Source information START

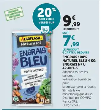 Actuellement en offre chez Hyper U : Algoflash engrais 100% naturel bleu ✅ Valable du 24-02 au 22-03.
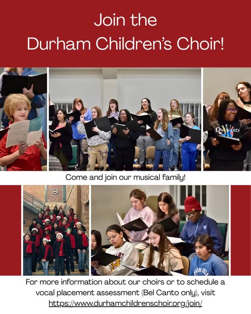 Come and join our musical “family!” Auditions happening next week for Bel Canto (5th-12th grades). Open Enrollment for all other choirs. Visit www.durhamchildrenschoir.org/join for more details! (fb)
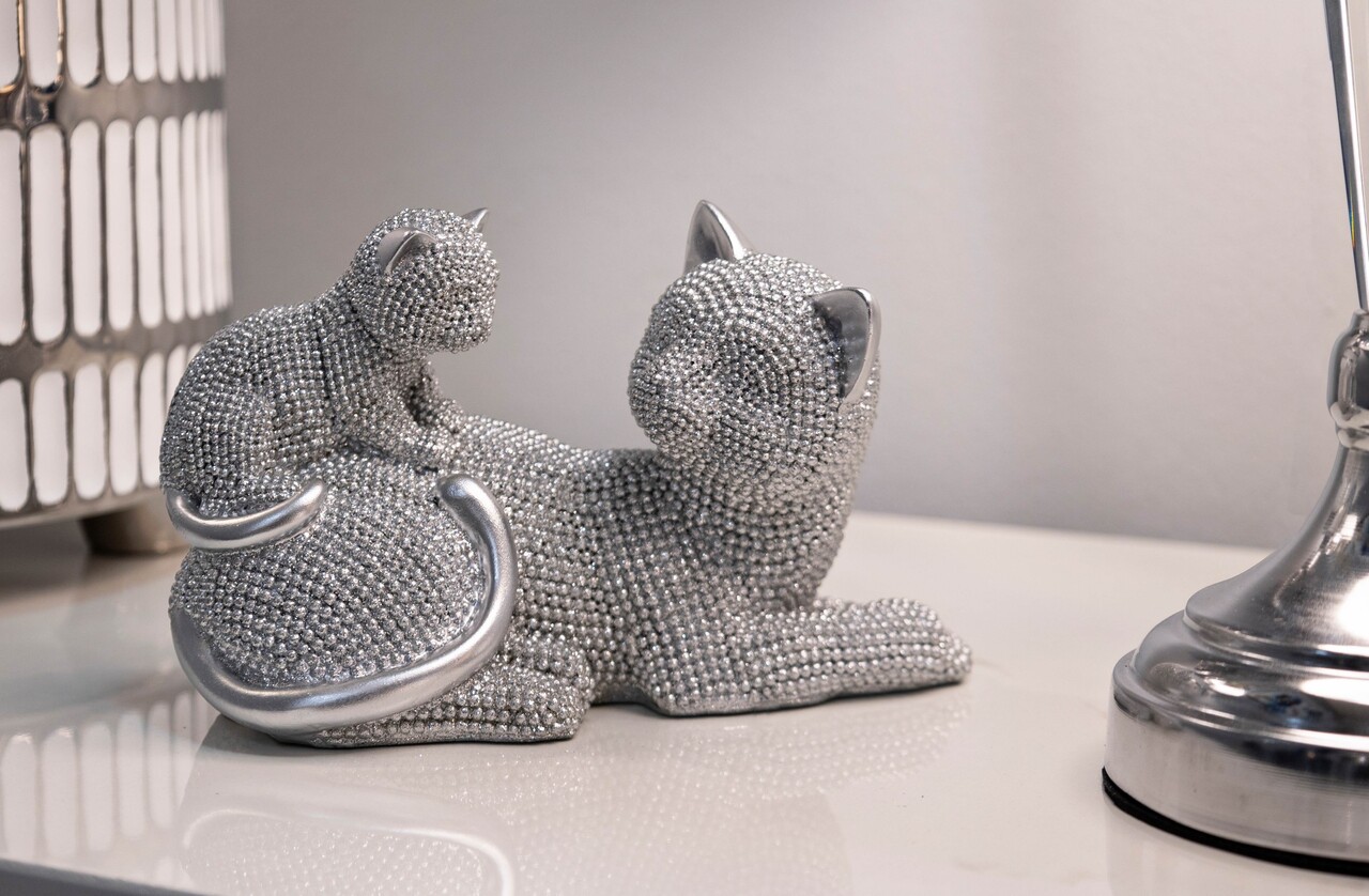 Statueta / figurina decorativa Cat Sparky With Kid, Mauro Ferretti, 19x9x13 cm, polirasina, argintiu
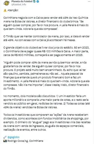 Porém, a apuração expôs que Leila não quis seguir adiante nas conversas. Aconteceu uma conversa informal e a dirigente se manifestou não querendo evoluir na conversa sobre a possibilidade de adquirir parte dos direitos da arena.
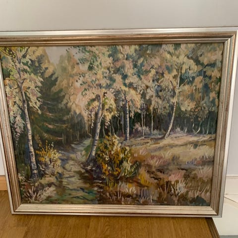 Selger et koselig maleri av dompap. Innrammet i en fin ramme. Dette maleriet formidler en varm og stille nostalgi fra en annen tid. Fuglekassa, værbitt og enkel, står som et symbol på det som var – et liv nært naturen, der ting fikk ta tid og hvert sted hadde sin egen historie.
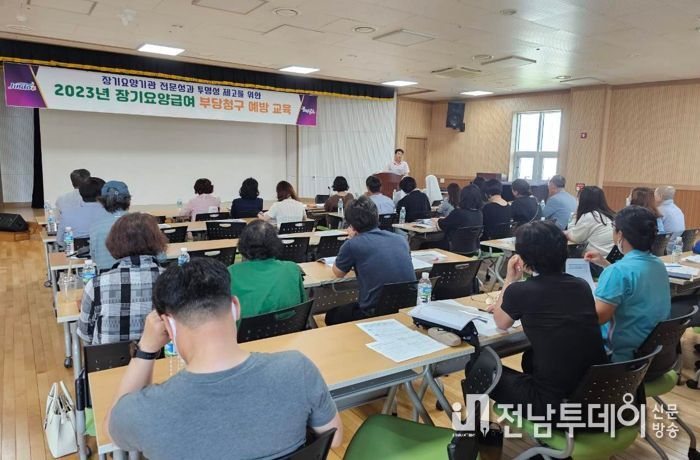 예방교육은 최근 진도여성플라자 어울마당에서 국민건강보험공단 해남진도지사 진도운영센터가 관내 노인복지시설‧장기요양기관의 시설장과 장기요양보험 청구담당자 등 약 40여 명을 대상으로 진행했다.
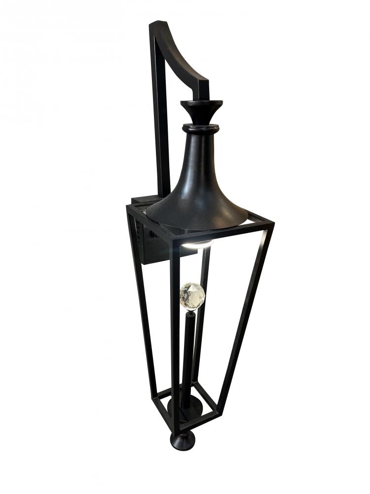 This wall sconce is a black outdoor wall sconce. It comes with a clear crystal ball accent. The materials for this wall sconce consists of metal, crystal and acrylic.
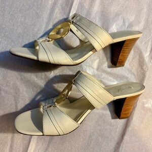 Anne Klein iFlex Ivory Leather Sandals with Gold Ring Detail – Block Heel Size 9
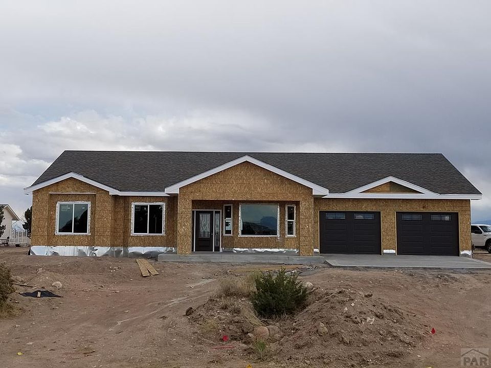 Don't miss this new build in an excellent location with awesome views of Pikes Peak and the mountains! This home is situated on 1.38 acre and is in A-3 zoning which allows for horses. This home has all you need with three bedrooms, 2 baths and a den/office with one level living. Decorative stamped concrete greets you as you approach the covered porch and beautiful glass front door with side panels which allow for plenty of natural light in the living room. The living room has vaulted ceilings and a fireplace as well as excellent views of Pikes Peak. The open concept allows for free-flowing space between the living room and kitchen while also offering a dedicated dining area. The kitchen will have a stainless-steel appliance package, granite counter tops and a generous sized island and plenty of cabinet space as well as a pantry. The dining area has immediate access to a covered patio with stamped concrete accents offering a nice space for outdoor dining and relaxation. Both master bath and main bath will have granite counter tops. Wide hallways and doorways make this home easily accessible for any buyer. The over sized two-car garage rounds out this home and even has an added area specifically for additional storage or tools etc. Estimated completion in mid-June.
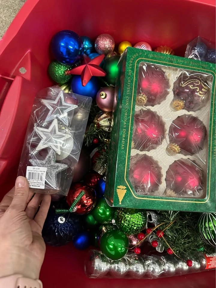 Large storage bin full of Christmas ornaments and decorations. Includes a wide variety of styles, colors, and sizes — glass balls, decorative ornaments, garlands, and more. Some items are new in packaging, others gently used. Overall in good condition and perfect for decorating your tree or home for the holidays. Comes with the storage bin. Sold as a full set only. Please see photos for details. Pickup in Buffalo Grove.
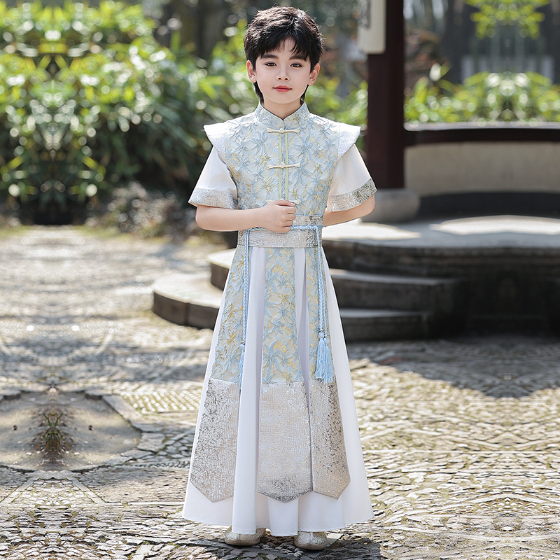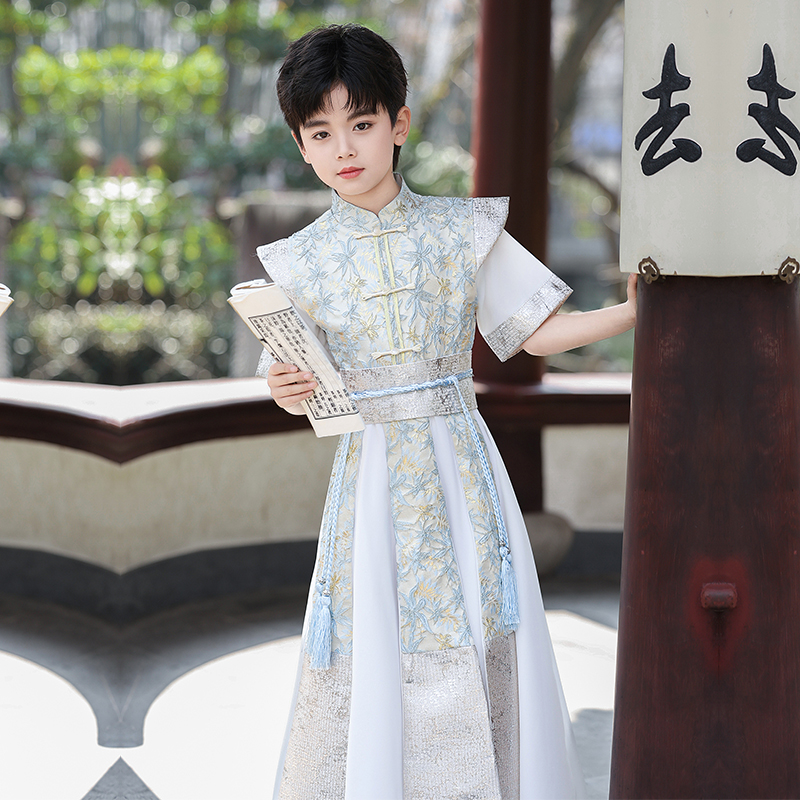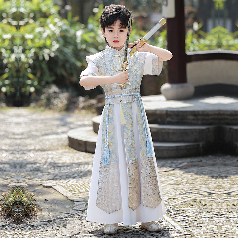 儿童古装 男童汉服夏季 新款 短袖 帅气武侠风幼儿园男孩演出服秋 薄款
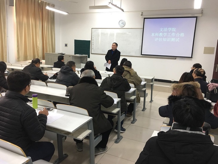 1月18日下午2点,365VIP英国上市官网在道镕楼多媒体教室320开展本科教学合格评估知识测试。测试活动由杨明志书记主持,全体教职工参加。

Source information END

Task objective: In the records above, find the line with "Large storage bin". Print exactly from there through the line with "儿童古装 男童汉服夏季 新款 短袖 帅气武侠风幼儿园男孩演出服秋 薄款", minus the pictures.

Response area:
 Large storage bin full of Christmas ornaments and decorations. Includes a wide variety of styles, colors, and sizes — glass balls, decorative ornaments, garlands, and more. Some items are new in packaging, others gently used. Overall in good condition and perfect for decorating your tree or home for the holidays. Comes with the storage bin. Sold as a full set only. Please see photos for details. Pickup in Buffalo Grove.
 儿童古装 男童汉服夏季 新款 短袖 帅气武侠风幼儿园男孩演出服秋 薄款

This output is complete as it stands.